Two common scenarios in which urine studies are useful are AKI and UTI, described below.

II. Diagnostic Approach

A. What is the differential diagnosis for this problem?

The differential diagnosis of AKI

The first step in the work-up of AKI is developing a differential diagnosis. A study by Nash et al. examining the most common causes of hospital-acquired AKI found the top three to be decreased renal perfusion (“prerenal”), medications, and contrast-induced nephropathy. These three causes account for approximately two-thirds of cases of AKI that occur in the hospital, and thus urine testing that is able to distinguish among these will provide the highest diagnostic yield. In contrast, quantifying the degree of proteinuria, which is helpful in diagnosing glomerular disease, is unlikely to be as useful since glomerulonephritis is rarely a cause of hospital-acquired AKI.

The differential diagnosis of UTI

When patients present with urinary symptoms such as dysuria and urinary frequency, a UTI is often the top diagnostic consideration. Systemic symptoms such as fever and leukocytosis may accompany urinary symptoms if the infection is severe or ascending. Other conditions in the differential diagnosis include vaginal infections, such as Trichomonas, and sexually transmitted infections, such as Neisseria gonorrhoeae. Urine dipstick testing can help suggest the diagnosis of a UTI, while urine culture can confirm it.

B. Describe a diagnostic approach/method to the patient with this problem.

Not applicable.

1. Historical information important in the diagnosis of this problem.

Not applicable.

2. Physical Examination maneuvers that are likely to be useful in diagnosing the cause of this problem.

Not applicable.

3. Laboratory, radiographic and other tests that are likely to be useful in diagnosing the cause of this problem.

The Use of Urine Tests with AKI

Urine tests in the setting of AKI can help distinguish between AKI that is due to renal hypoperfusion (commonly called prerenal AKI), and AKI that is due to acute tubular necrosis, such as from an ischemic insult or nephrotoxic medication (commonly called intrarenal AKI). This can help determine if the patient’s AKI should be treated with intravascular volume repletion versus removing the insulting agent. Of note, sustained renal hypoperfusion can lead to ATN.

Urine Sodium

The kidney responds to hypoperfusion by attempting to restore intravascular volume by becoming sodium avid. The kidney can be hypoperfused when the patient is hypovolemic, as with severe diarrhea. Renal hypoperfusion can also result from states of decreased effective circulating volume, even when the patient is total-body-fluid overloaded, as may occur with decompensated congestive heart failure or cirrhosis.

When the kidney is sodium avid due to hypoperfusion, the urine sodium will be low (below 20 mEq/L). In ATN, the renal tubule cells are damaged and incapable of aggressively reabsorbing sodium, resulting in a higher urine sodium (above 40 mEq/L). Urine sodium values between 20 and 40 mEq/L are considered indeterminate.

Fractional Excretion of Sodium (FENa)

The fractional excretion of sodium (FENa) has the advantage of being less reflective of water-handling than the urine sodium is, and its use is preferred over the urine sodium in acute injury in a patient with chronic kidney disease. The FENa has the greatest utility when the patient is oliguric. The FENa (as a %) is calculated as:

  • [(urine sodium x plasma creatinine)/(plasma sodium x urine creatinine)] x 100

The FENa is used in a manner analogous to the urine sodium – a FENa less than 1% suggests kidney hypoperfusion (prerenal injury) while a FENa higher than 2% suggests inability to reabsorb sodium, as in ATN (intrarenal injury).

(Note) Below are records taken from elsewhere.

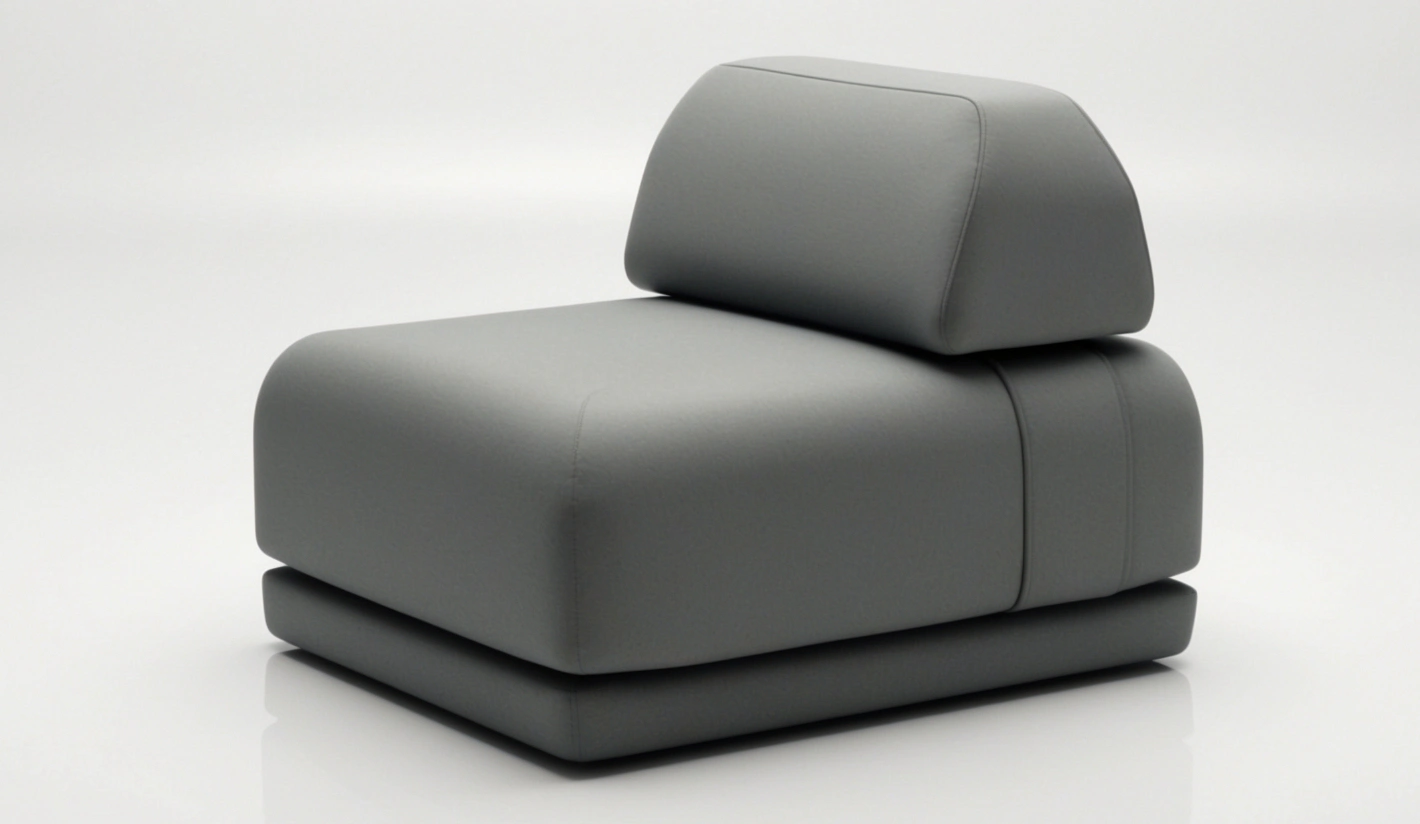 Cuando se presenta sin respaldo, el módulo ofrece una superficie limpia, uniforme y de líneas depuradas, que puede utilizarse también como reposapiés o como apoyo auxiliar dentro del conjunto.
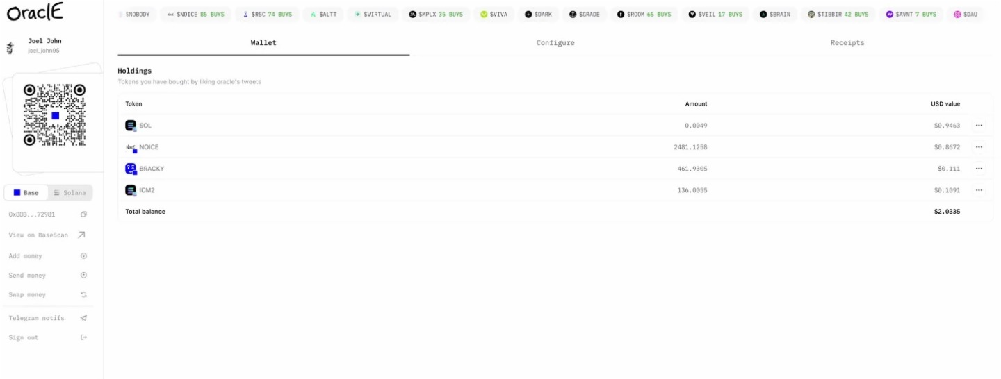 永續合約與錢包的融合預示著未來的趨勢。這是信息流中市場的興起,正見證著注意力轉化為交易所需時間的實時壓縮。若不相信,且看 $noice 開發的 Oracle:用戶一鍵即可購買資産,實際上連第三方平台按鈕都不需要——只需給帶資金標簽的推文點贊,代理程序便會自動完成購買。單次點擊完成交易,成本不足 0.01 美元。這是未來社交網絡的雛形。此産品雖有多處可圈可點,但下面這一點是其最突出的特質。
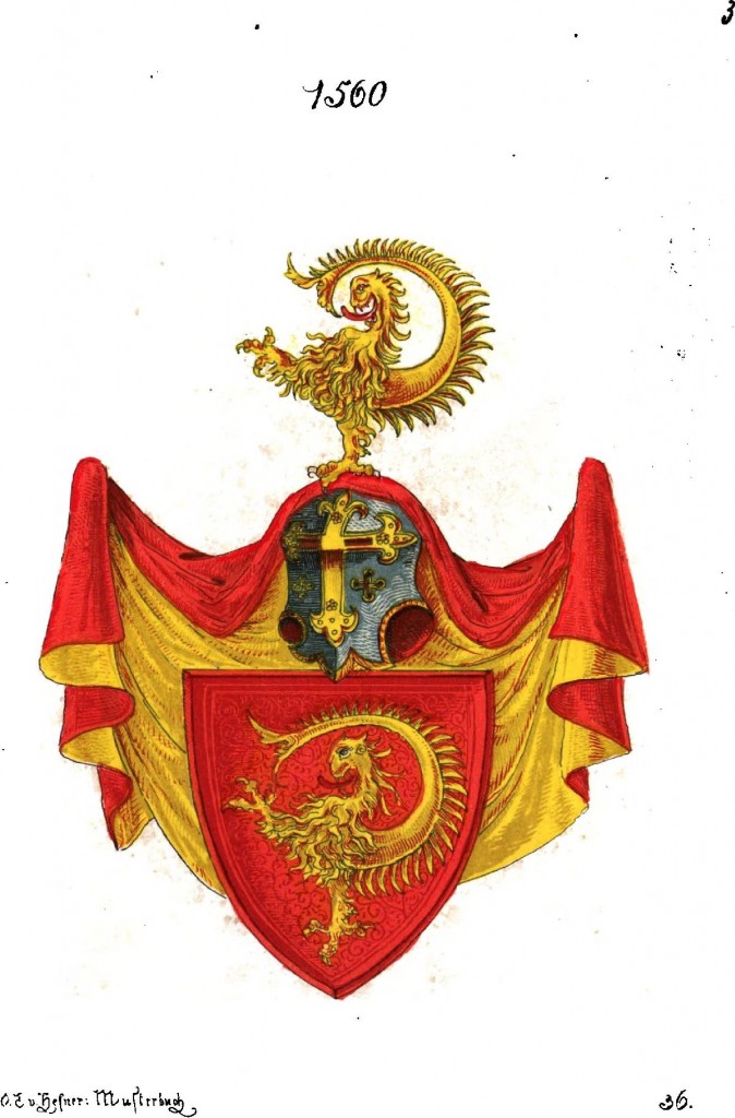 Imhofsches Wappen aus dem Jahre 1560 Sizes: 150 × 150 / 197 × 300 / 620 × 942 / 1200 × 1821 OTvH, Tafel 36: Imhofsches Wappen aus dem Jahre 1560
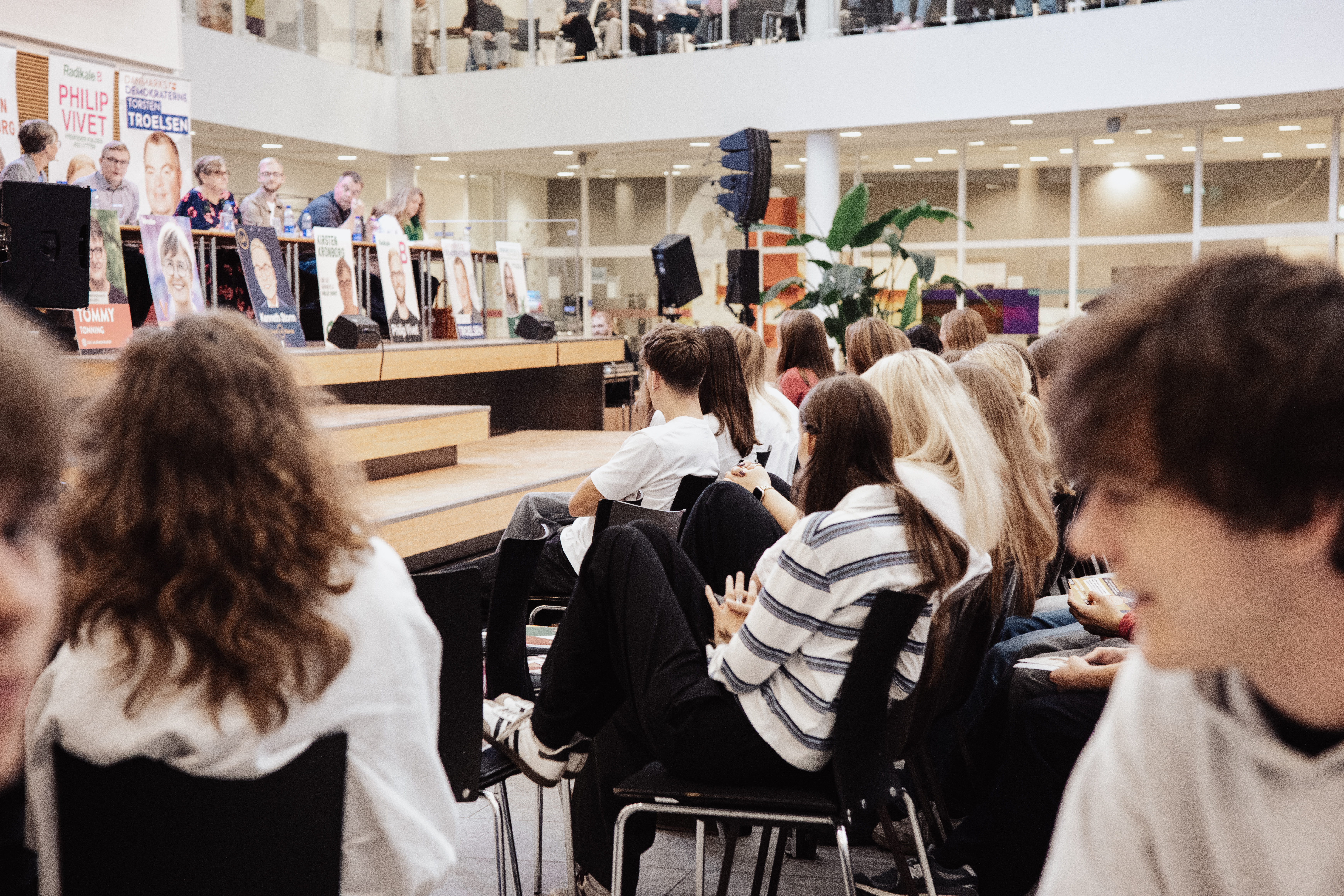 Det summede af aktivitet, da omkring 900 elever fra HTX og HHX på Herningsholm Erhvervsskole & Gymnasier samledes til debat – og engagementet var stort. Hænderne røg i vejret, og spørgsmålene stod i kø til de syv kommunalpolitikere på scenen. For mange af eleverne var det første gang, de stod over for at skulle stemme – omkring en tredjedel af de fremmødte er førstegangsvælgere.
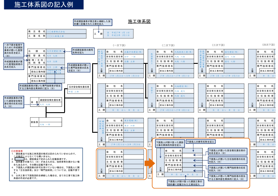施工体系図は、元請から一次、二次と続く下請負人までの全体構造を一目で分かるように図に示したもので、工事の指揮命令系の透明性を確保しています。
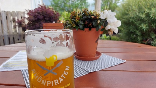 Zunächst ging´s in den Biergarten der Rhönpiraten unweit des Ostheimer Sportplatzes. Ein Pirator, der untergärige Doppelbock, und ein IPA, das kaltgehopfte Starkbier, wurden zum Glück nur in 0,4-Gläsern ausgeschenkt.
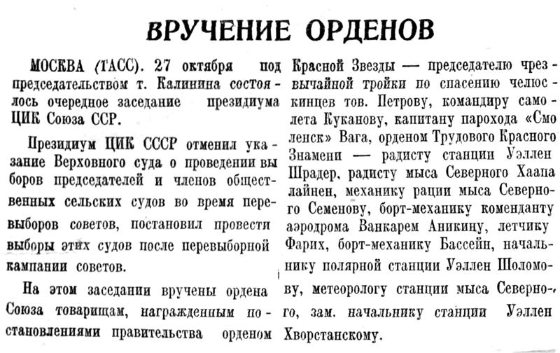 На этом заседании вручены ордена Союза товарищам, награжденным постановлениями правительства орденом Красной Звезды — председателю чрезвычайной тройки по спасению челюскинцев тов. Петрову, командиру самолета Куканову, капитану парохода «Смоленск» Вага, орденом Трудового Красного Знамени — радисту станции Уэллен Шрадер, радисту мыса Северного Хаапалайнен, механику рации мыса Северного Семенову, борт-механику коменданту аэродрома Ванкарем Аникину, летчику Фарих, борт-механику Бассейн, начальнику полярной станции Уэллен Шоломову, метеорологу станции мыса Северного, зам. начальнику станции Уэллен Хворстанскому.
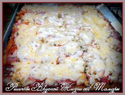 - Минуты за минуту до готовности щедро посыпаем сыром, и опять в духовку, чтобы сыр расплавился.
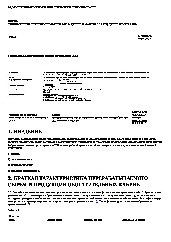 ВНТП 21-86: Нормы технологического проектирования флотационных фабрик для руд цветных металлов

Some caveats apply when using the FENa. Because of the large amount of sodium that is filtered with a normal glomerular filtration rate, a FENa less than 1% may be normal in patients without AKI, depending on sodium intake. Moreover, certain types of ATN—including contrast-induced nephropathy, glomerulonephritis, and heme pigment-induced AKI—may have a low FENa. This underscores the importance of clinical correlation when interpreting diagnostic studies.

Diuretics and the Fractional Excretion of Urea (FEurea)

The administration of diuretics can complicate the interpretation of the FENa. The sodium avidity of a hypoperfused kidney may be overcome by the natriuretic effect of diuretics. Therefore, a FENa higher than 2% in a patient on diuretics is unreliable as it could be a result of diuretics rather than ATN. However, a FENa that is less than 1% despite the patient being on diuretics does suggest renal hypoperfusion.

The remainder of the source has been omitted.